I tried for three weeks. Three weeks of cracked nipples, a baby who couldn't latch, a lactation consultant who came twice and left me more confused, and a level of guilt so disproportionate to the actual situation that I can only see it clearly now, two years later.
I stopped. I moved to formula. My daughter thrived. I cried about it for longer than I'd like to admit.
This article isn't about whether you should breastfeed. It's about the gap between what we're told breastfeeding will be and what it actually is - and why so many women feel like they failed at something that was never straightforwardly in their control.
The gap between natural and instinctive
Breastfeeding is natural. It is not, for most women, instinctive. There is a significant difference. Natural means the body is built for it. Instinctive would mean it happens automatically, without learning, without pain, without a steep and sometimes brutal curve. It doesn't - not for most people. Both you and your baby are learning a physical skill from scratch, at the same time, while you are sleep deprived and hormonally wrecked and she has never eaten before in her life.
The first two weeks are often the hardest. Nipples that have never been used in this way need to adjust. Milk supply takes days to establish. Babies need to learn to latch deeply enough to feed efficiently. None of this is a reflection of your body failing. It's just the learning curve nobody adequately describes.
What actually makes it harder
- Tongue tie - often missed at the initial check, causes shallow latch and significant nipple damage
- Inverted or flat nipples - make it harder for a baby to get a deep latch without support
- Low supply - real, though less common than feared, and often confused with normal newborn feeding patterns
- Oversupply and fast letdown - the other end of the spectrum, which causes its own problems
- Previous breast surgery - can affect supply and sensation
- A baby who is jaundiced, premature, or has low muscle tone - all affect feeding ability
The guilt is disproportionate to the stakes
Fed babies thrive. The research on breastfeeding benefits is real but frequently overstated in the way it's communicated to new mothers - presented as though formula is harm rather than simply an alternative. The benefits are modest for most outcomes in high-income countries with clean water and good formula. The mental health cost of struggling through something that isn't working - for both of you - is real and rarely factored in.

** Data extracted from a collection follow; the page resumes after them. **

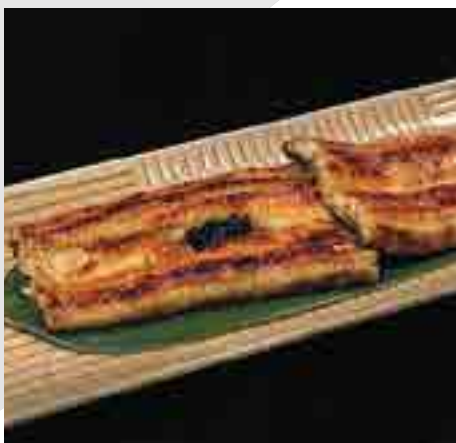
静岡鰻蒲焼 Grilled Japanese Shizuoka Eel 1,700 B
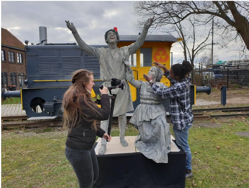
Verfilmen van 'De Beeldhouwer'.
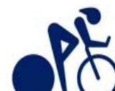
Ciclismo de pista
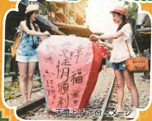
天燈上げ十分イメージ

You are not giving your baby a lesser start. You are feeding them.
If you want to keep trying
Get a different lactation consultant if the first one didn't help. Ask your hospital about a breastfeeding clinic. Get your baby checked for tongue tie by someone who specialises in it - not just a quick look at the 24-hour check. Call the Australian Breastfeeding Association helpline (1800 686 268) - they're available around the clock and genuinely helpful.
Support, information, and time fix many breastfeeding problems. You don't have to give up if you don't want to. But you also don't have to keep going if it isn't working.
If you've already stopped
You made a decision under enormous pressure with the information and capacity you had at the time. That is the definition of good parenting. Your baby needed feeding. You fed them. That's the whole story.